For Gitea, there were a few less things that I needed to tweak, but I did have to modify both the application's INI file, and the docker-compose configuration.

Application Config

[server]
APP_DATA_PATH    = /data/gitea
DOMAIN           = gitea.stanleysolutionsnw.com
SSH_DOMAIN       = gitea.stanleysolutionsnw.com
HTTP_PORT        = 3000
ROOT_URL         = https://gitea.stanleysolutionsnw.com/
DISABLE_SSH      = false
SSH_PORT         = 8023     ; This is the really important line, right here!
SSH_LISTEN_PORT  = 22
LFS_START_SERVER = true
LFS_CONTENT_PATH = /data/git/lfs
LFS_JWT_SECRET   = FFqnGuw9L0Zaj6tPeJpqEQgp4yZHpPpvRcul5G9Nv1o
OFFLINE_MODE     = false

Compose File

version: "3"

networks:
  gitea:
    external: false

services:
  server:
    image: gitea/gitea:latest
    container_name: gitea
    environment:
      - USER_UID=1000
      - USER_GID=1000
      - GITEA__database__DB_TYPE=postgres
      - GITEA__database__HOST=db:5432
    env_file:
      - .env
    restart: always
    networks:
      - gitea
    volumes:
      - ./gitea:/data
      - /etc/timezone:/etc/timezone:ro
      - /etc/localtime:/etc/localtime:ro
    ports:
      - "3000:3000"
      - "8023:22" # This is the really important line, right here!
    depends_on:
      - db

Proxy-Server NGINX Streams

So, let's get back to the root of this whole thing, and I'll explain how I'm able to route these SSH channels, to begin with.

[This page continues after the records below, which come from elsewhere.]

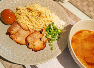 つけ麺![]() ¥1,000 | ・豚のお出汁のスープ × 煮干しベース ・炙りチャーシュー2枚 ・ネギ ・玉ねぎ | ![]() ![]() |
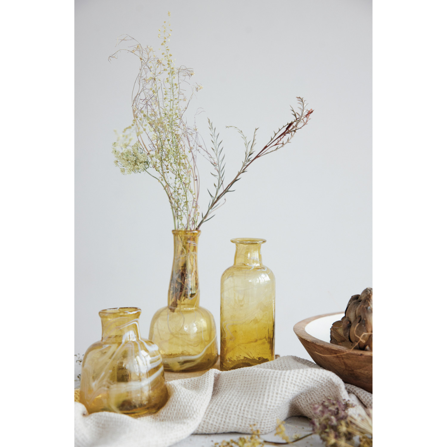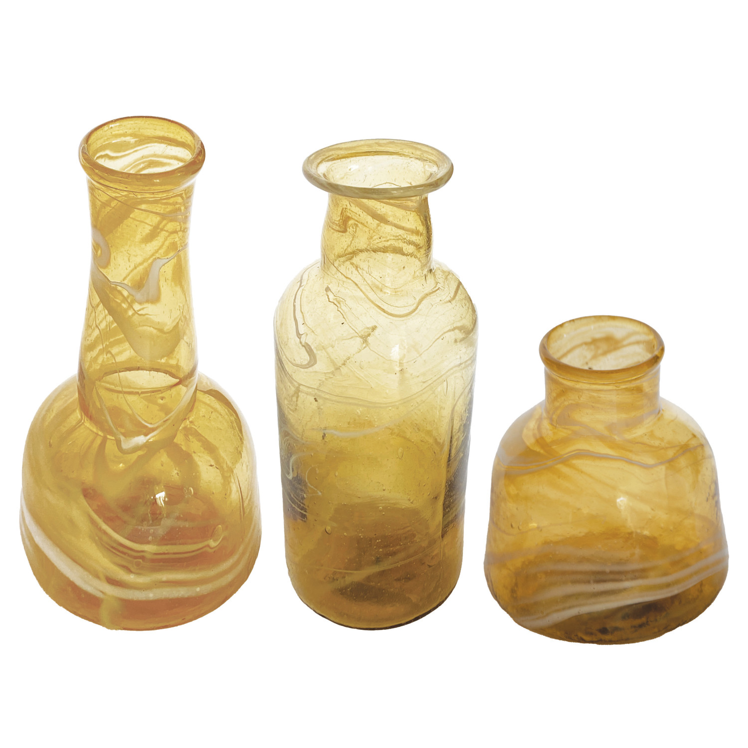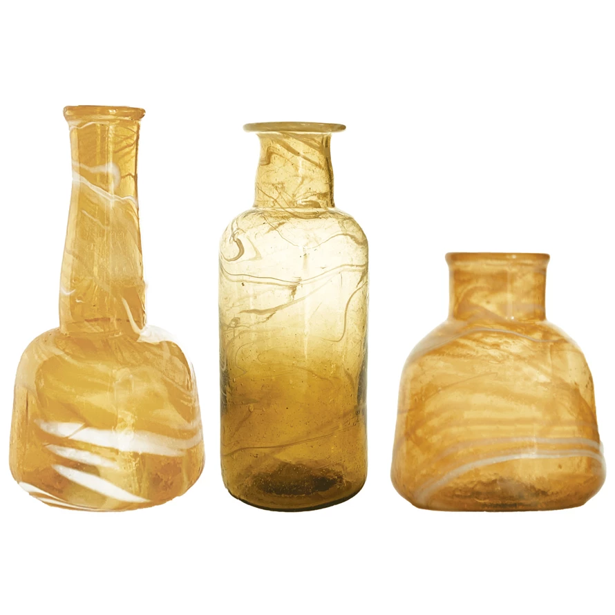 Recycled Glass Vases, Marbled Amber Color, Set of 3
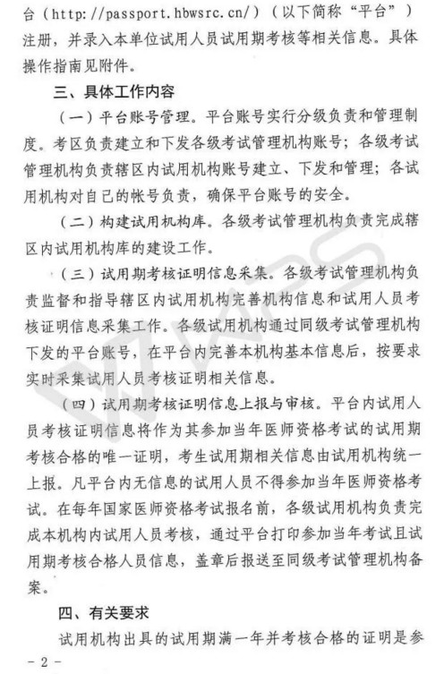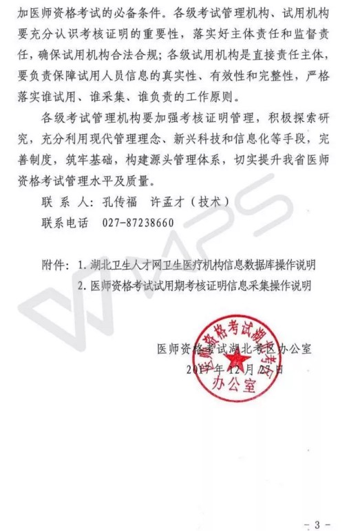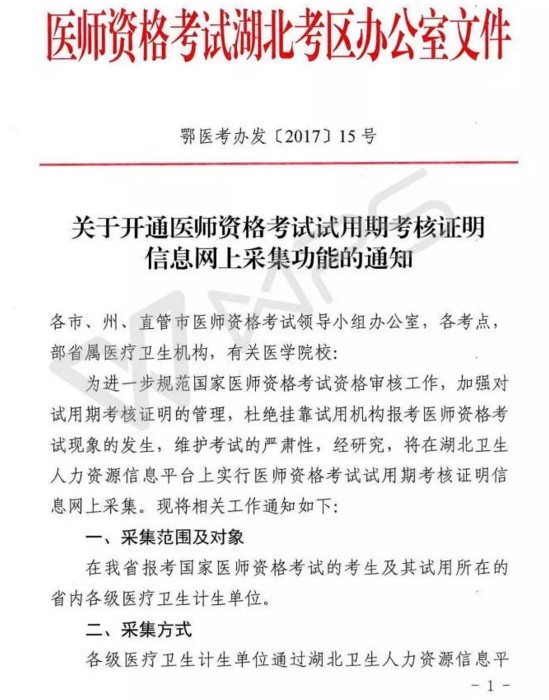 2018年湖北省开通医师资格考试试用期考核证明信息网上采集功能,也就是说2018年期凡是参加医师资格考试的湖北省考生必须由单位给您录入省试用考核系统,只有录入信息的人员才有资格参加医师考试,从而杜绝考试现象。

As I had alluded to, earlier, we can't just have listening servers for SSH like we can for HTTP, where the hostname will help determine the "upstream" service which will receive the routed trafic. Instead, we need to perform a port-based approach -- thus the whole usage of 8022 and 8023 in the previous configuration samples. Adding streams is relatively straight-forward, and I just added them to my NGINX configuration file; you know, the one located at /etc/nginx/nginx.conf.

To do this, you can simply configure a stream block to have the respective "upstreams" and their listening services. Relatively simple!

################################################################################
#
# Stanley Solutions SSH Proxies Including:
#   - GitLab
#   - Gitea
#
################################################################################

stream {

        upstream gitlab-ssh {
            server 192.168.254.5:22;
        }

        upstream gitea-ssh {
            server 192.168.254.12:8023;
        }

        # Gitlab
        server {
            listen 8022;
            proxy_pass gitlab-ssh;
        }

        # Gitea
        server {
            listen 8023;
            proxy_pass gitea-ssh;
        }

}

After this NGINX configuration is applied, it's just a matter of adding the port-forwardings to the router:

• 8022 -> 8022 Pointed at the Proxy Server
• 8023 -> 8023 Pointed at the Proxy Server

So, now, the whole SSH topology configuration looks a little more like this:

Now, at this point, upon inspecting the diagram, you may wonder a few things.

1) Why is NGINX still involved in the GitLab route?

Well, this is due to the fact that although we're advertising Git-over-SSH service on port 8022, we're actually listening on port 22, still. That means that for local access (coughs -- for me) I'll need to have some routing to support the appropriate port 8022.

2) Why didn't you just point your port-forwarding at the GitLab and Gitea servers, instead of routing through NGINX?

Well, I'd like to say that this was purely because I wanted some opportunity to have some education, but if I'm honest, it's mostly because this possibility didn't occur to me.

Oops. :/

But I guess that means this really was a learning opportunity, then , doesn't it? For now, I'm happy with the topology, and I don't think I'll change unless I find a "good-enoug" reason to.

Conclusion

Now, I can successfully clone from both GitLab and Gitea over SSH. Whoop-whoop!!!!